The quieter part came later. I was going through the paperwork on my own art collection one afternoon, and it hit me that none of it would hold up under real scrutiny. All that rigour from the trading floor, all those years of asking what is actually true versus what someone needs me to believe is true, and here I was in a world where the entire system ran on "trust me." That collision — the discipline I'd learned the hard way and the vulnerability I suddenly saw in something I loved — is what became Numeraire. It didn't feel like a pivot. It felt like something that had been heading toward me for a long time.
ML: As a woman working in AI and technology, what challenges have shaped your leadership journey?
Marsha Lipton: Trading teaches you things that no business school does. One of them is that being right at the wrong moment costs you just as much as being wrong. So you learn to time — when to push, when to hold, and when to completely change the direction. Tactical pivoting isn't indecision. It's actually the most disciplined thing you can do when the situation changes faster than your original plan anticipated.
The other thing trading gives you is a very clear eye for people. Not their titles, not their confidence, not the story they're telling about themselves, but what's actually lies underneath. On a trading floor you learn fast that appearance and substance frequently have nothing to do with each other, and that mistaking one for the other is expensive. I stopped being impressed by the performance of authority a long time ago. I look for something else now — how someone handles being wrong, whether they can separate their ego from their analysis, whether they take real risks or just talk about them.
And that last part, calculated risk, is something I think women are socialized out of far too early. Calculated risk is not recklessness. It is the ability to look at incomplete information, make a call, and live with the consequences while you're already moving to the next decision. Dwelling on errors is a luxury traders can't afford and founders can't either.
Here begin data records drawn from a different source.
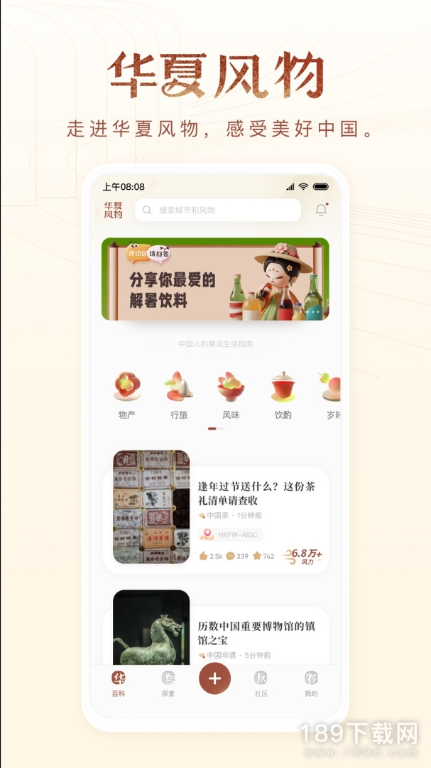 【华夏风物 App】是发现中国各地美好风物的互动平台,在这里,你可以找到当地地道的特产美食,风景独好的旅行景点,以及具有文化历史传承意义的非物质文化遗产,让你了解根植于城市脚下的特色风土之美;还可以通过文章、评论,分享你在探索各个地后的心得感受,与其他用户一起携手建立华夏的千面风貌,让更多人发现繁华多样的美好。
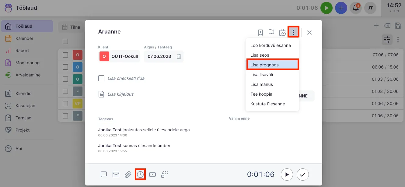 Prognoosi lisamiseks ava ülesanne, kliki kolme täpi ikoonil ja vali “Lisa prognoos”.
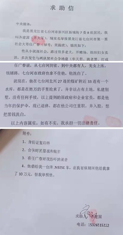 黑龙江省七台河市涉黑大哥任广春及其保护伞何时处理? 法讯网【fzkx.org】联动记者 纪奎权 黑龙江省七台河市有一黑社会“大哥”任广春,多年来通过各种非法手段攫取财富,并勾结政府干部做为保护伞,成为当地一霸,人称“笑面虎”。 该市新兴区新城街7委8组居民齐建国,曾在任广春手下多年,对其一系列恶行了如指掌,并且幡然悔悟,予以揭发。 齐建国说,任广春对当地的出租车、大型车辆等收取“保护费”,原市委秘书长(曾任运管处处长)宋国良及收费处处长李永发为其保护伞,只要提到任广春之名就放车。任广春还殴打多名执法交警,其中一名交警被打瞎一只眼睛,而李永发却出面摆平了此事。任广春在公安部门也有保护伞,如桃山区公安分局局长李盛录、原市公安局局长李伟东等。任广春曾送给李盛录一块黑色雷达表,送给李伟东两箱中华牌香烟和20万元现金。这两次行贿齐建国均在场。 任广春还组织妇女卖淫,被公安局周德威抓获后,交了1万元罚款了事,扣留的9个人全部释放。 齐建国还说,1997年,他与任广春合伙开煤矿,承包东风煤矿服务公司五井。这期间,任广春结识了原服务公司经理吴启山、原运销处储运处处长曲乃仁、原煤炭局局长徐大林,这些人都成了任广春的保护伞。任广春和齐建国的煤矿每出一吨煤要给曲乃仁提5元钱(当时每吨煤的售价为55元),逢年过节还要送上几万元的物品。在这些人的纵容下,任广春和齐建国每月往煤里掺几千吨岩石粉,严重地损害了国家的利益,而个人却攫取了不斐的财富。 任广春要盗采国矿的保安煤柱(用于保证不塌顶的煤柱),齐建国不同意,任广春就用恐吓、威胁的手段迫使齐建国退出而不退钱,说谁挡他财路就让谁死。齐建国退出后,任广春伙同吴启山、徐大林等人盗采保安煤柱,多次酿成矿难并且瞒报。2007年,任广春的昌隆煤矿发生瓦斯爆炸,死了17个人,该煤矿却一直生产至今。 齐建国说,他在前面提到的那些充当任广春违法犯罪保护伞的人现在均已退休,并在任广春的公司任职且有股份,借此将黑钱洗白。 任广春还叫嚣说,他在黑龙江省、七台河市和中央都有人,美女上床钱铺路,七台河市政府也拿不住他。 在中央全力打黑除恶的今天,任广春这样的黑社会人物还能在七台河大行其道,其背后的保护伞不可小视。七台河市委、市政府应该对任广春及其保护伞认真查处,严厉惩治,还人民群众一个温馨、祥和的生活环境。 |
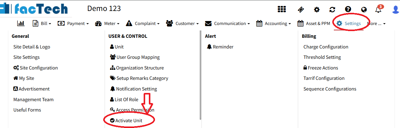 Click on Activate Unit under the User Control System section.
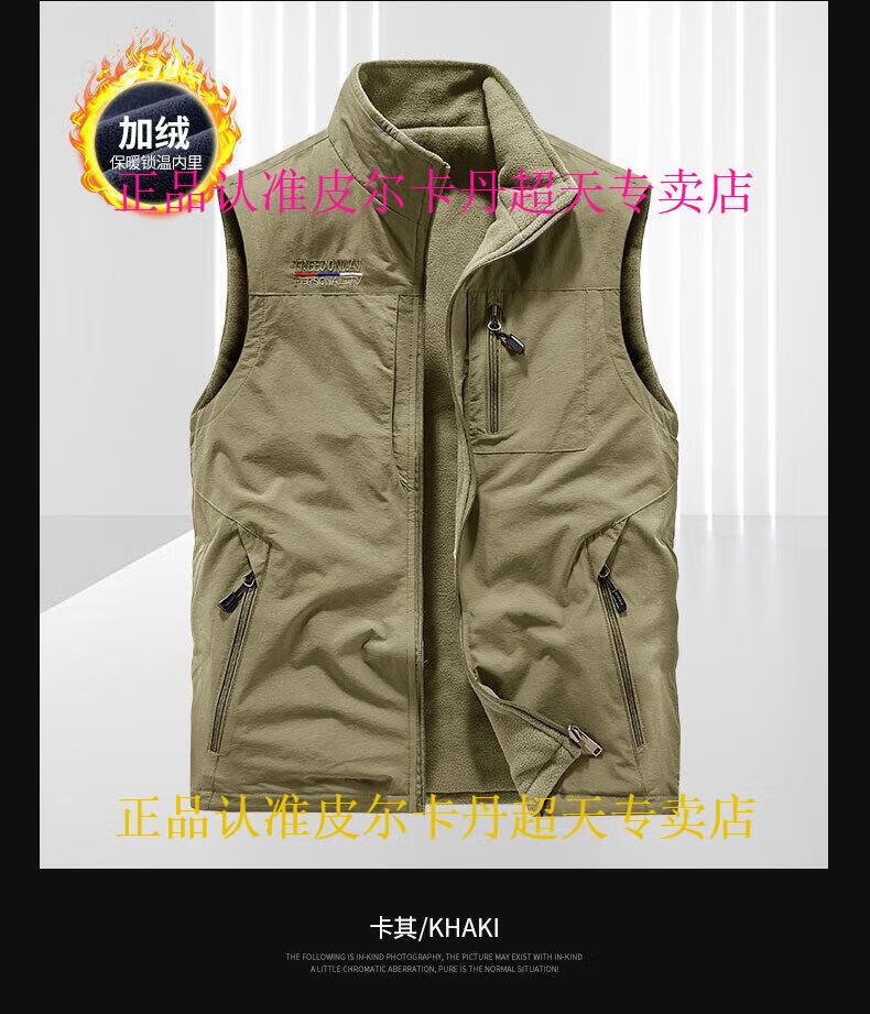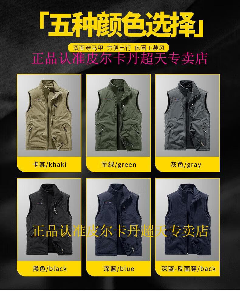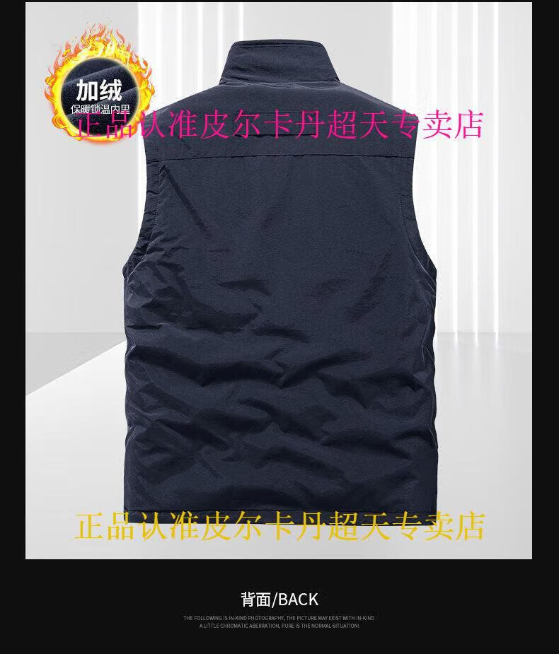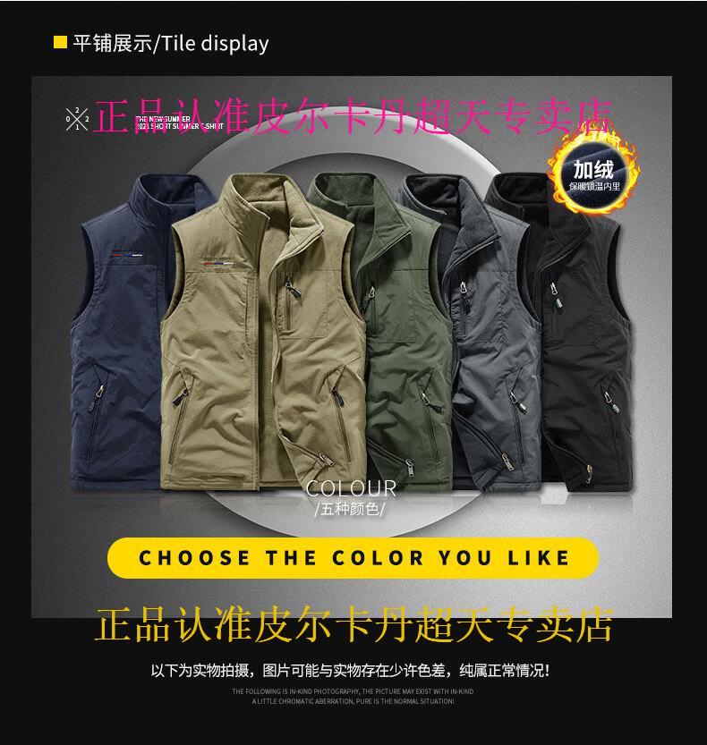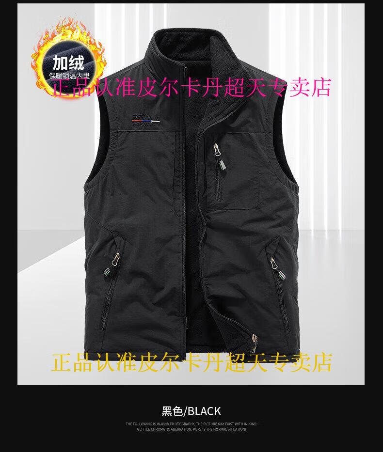 Pierre Cardin autumn and winter thickened double-sided vest for men, outdoor sports fleece vest, polar fleece vest and velvet vest jacket, royal blue 2XL (suitable for 145-160Jin Jin equals 0.5kg)

What I didn't expect was that founding a technology company would hand me the same exam. Different language, different players, but the same underlying test: can you see clearly when the environment is designed to make you doubt yourself?
And then there's something my scientific training added to all of that. In physics you're taught early that a correctly formulated problem is already a large part of its solution. The way you frame the question determines whether an answer is even possible. So when we founded Numeraire we asked whether authenticity was actually the right question to be solving. Authentication for historical works with deceased artists is, in many cases, genuinely unsolvable. But identification — is this the specific object, is this the exact one — is a precise, tractable, answerable question.
ML: What advice would you give to young women who want to build careers in technology, AI or cultural innovation?
Marsha Lipton: Honestly, I'm reluctant to give advice. People are so different. What got me through would probably be completely wrong for someone else, and I'd hate to send anyone in the wrong direction with the best of intentions.
What I will say is this: when someone tries to make a professional conversation personal, don't go there with them. Stay on the substance. Make them come back to the substance. That one I'd stand behind for almost anyone.
The rest — figure out your own version. It'll be better than mine.